Markets defy risks from Iranian attack on Israel
The global economy has so far shrugged off the Iranian strike on Israel. Important markets like oil had already priced in a possible attack, while gold and stock markets only moved slightly.
Many investors are holding their breath after Iran's unprecedented drone and missile attack on Israel starting on April 13. The aerial strike was the first direct attack launched from Iranian territory and came the same day Iran's Revolutionary Guards forcefully detained an Israel-linked container ship near the Strait of Hormuz.
The Iranian attack had been largely anticipated after Israel destroyed part of the Iranian embassy complex in Damascus, Syria, on April 1.
Still, experts are waiting to see if the conflict between the two countries escalates, even as the United Nations and the United States put pressure on Israel to show restraint. Most businesses don't like uncertainty and the possibility of wider open warfare has the region on edge.
Middle East oil and energy prices
If the conflict grows and engulfs more of the Middle East, the biggest risk for the global economy is the response in the energy markets, especially oil prices.
"A rise in oil prices would complicate efforts to bring inflation back to target in advanced economies but will only have a material impact on central bank decisions if higher energy prices bleed into core inflation," Neil Shearing, group chief economist at consultancy Capital Economics, wrote in a note to clients.
So far, though, oil prices have not moved much since the attack. It seems that the market had already taken the current unstable situation into account and was not spooked over the weekend by the retaliatory strike.
OPEC+ and its spare capacity
In fact, Brent crude oil prices rose from $83 per barrel a month ago to over $90 per barrel last week where they have stayed, "spurred in part by concerns about supplies and geopolitical risks from conflict in the Middle East and Ukraine," wrote Shearing.
The economist pointed out another reason for calm on the oil market is a push by some OPEC+ members to increase production quotas. "A rise in oil supply will obviously help to limit any rise in its price," whether because of increased tensions or supply chain problems like dangerous Red Sea shipping routes.
Jorge Leon, a senior vice president at energy analyst Rystad Energy, agrees. Though OPEC+ has a complicated job to coordinate and manage the oil market, it is likely to unwind voluntary production cuts at a meeting in June, he wrote in a note on Monday.
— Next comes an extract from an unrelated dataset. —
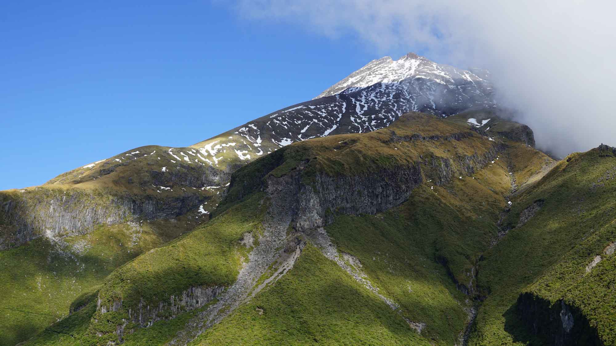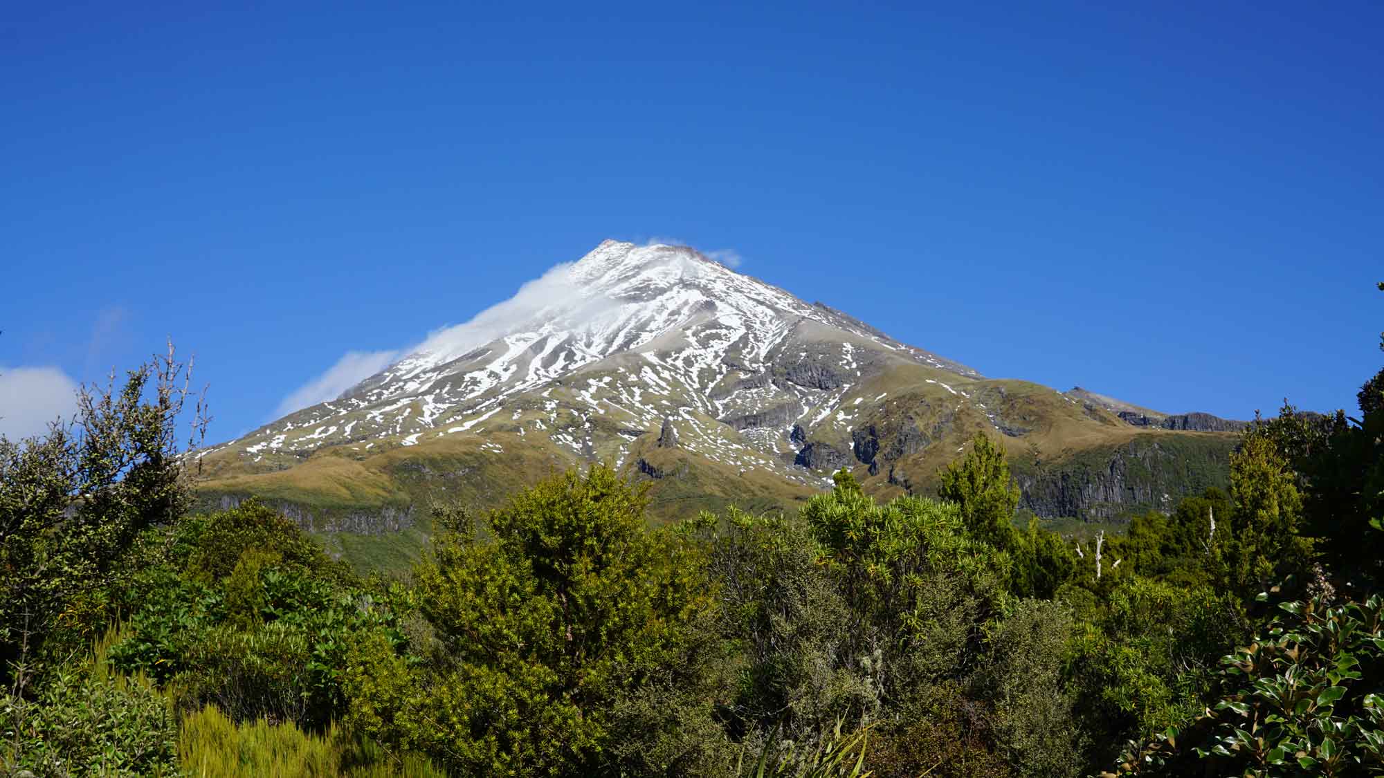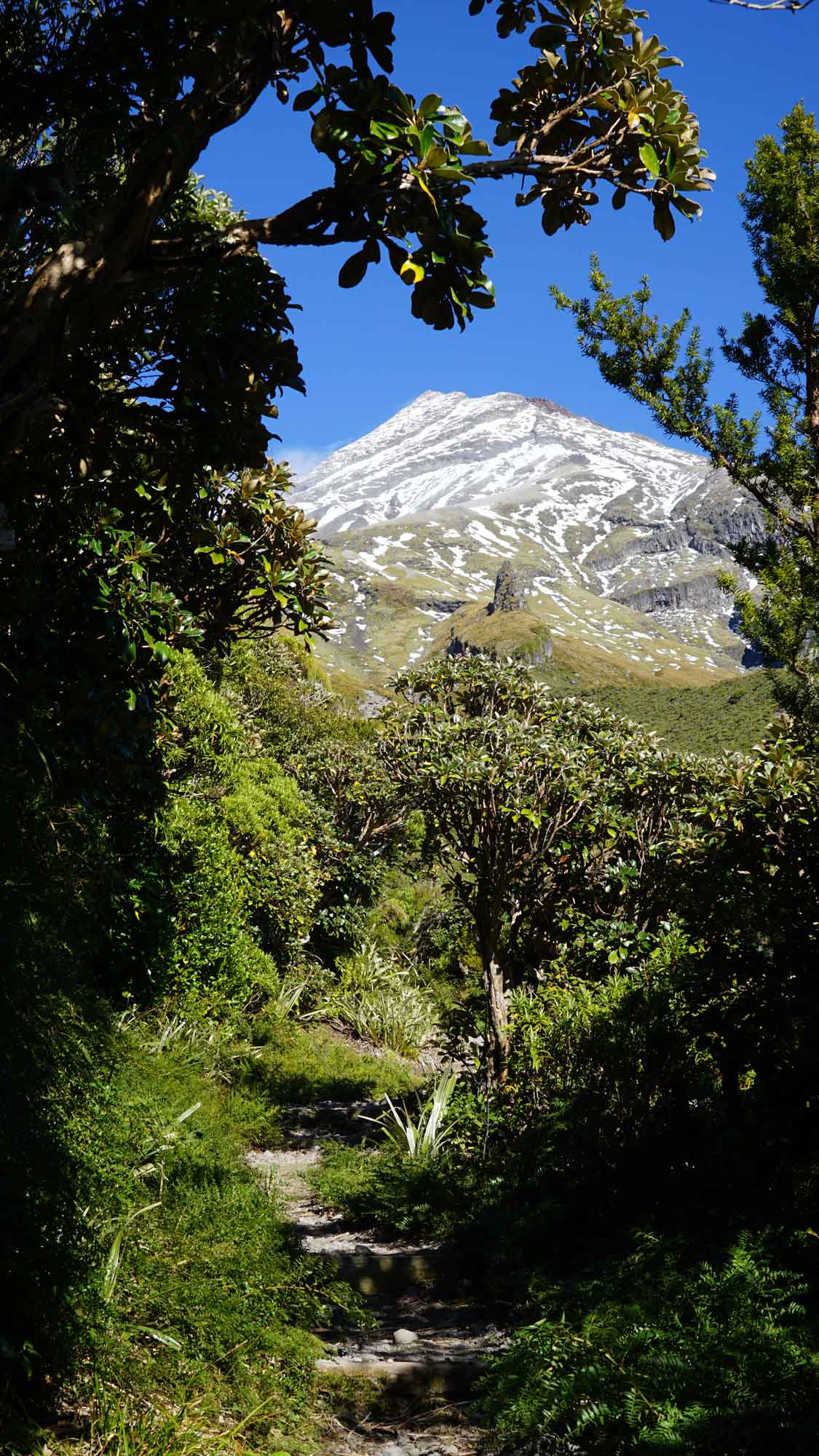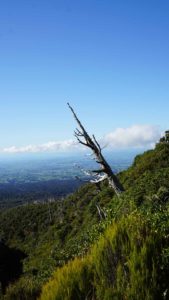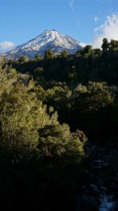 On a aussi pu aller randonner sur le magnifique Taranaki, au sommet enneigé par les dernières semaines. On n’a pas atteint le niveau de la neige, mais il faisait frais avec le vent ! C’était assez magique de randonner en forêt puis en altitude avec vue sur la mer, qui longe la montagne. Il y avait des arbres blancs sortant de la forêt qui paraissaient magiques, mais dont nous avons appris par la suite qu’ils mouraient d’une maladie préhistorique qui a refait surface il y a quelques années 😕. La balade réservait de très beaux paysages en tout cas !

This could release six million barrels a day in spare capacity to limit price pressures, since it is in the group's interest to avoid a global energy crisis.
Inflation could impact growth
If oil prices did go up and remained high it could fuel global inflation at a time when several countries are suffering from long-term high inflation.
This "sticky inflation" is "something that could create a dilemma for central banks, as we also found out after Russia's invasion of Ukraine in 2022," argued Deutsche Bank analysts in a note to clients.
"On the one hand, there is the risk that a geopolitical shock hurts growth, bringing forward the timing of rate cuts," according to the bank.
Investing in all that glitters
As for stocks, when markets opened on Monday, many Asian equity indices like the Nikkei were lower.
"But that partly reflects a catchup to the selloff that already took place on Friday after they'd closed, when headlines came through suggesting that an attack could happen," wrote the Deutsche Bank analysts.
For their part European markets opened higher. Overall, the analysts don't see much change among key assets since Friday "with investors hopeful that any escalation will prove contained."
One small sign of investors looking for a safer investment was the increase in the price of gold. On Monday, it was up 0.51% to just over $2,356 (€2,211) an ounce.
It is still early and the conflict could widen and pull in other countries, lead to more US sanctions on Iran, or damage or destroy oil infrastructure. Some Western airlines temporarily suspended flights into the region, other have rerouted flights to avoid Middle Eastern airspace.
If Iran or Houthi rebels continue to target Israel-linked ships in the important trade route through the Strait of Hormuz, "a risk of false targeting and collateral damage exists," according to Ambrey, a maritime risk management company. This or another aerial attack could further pull in the US, drive up global shipping costs and cause havoc for the world economy.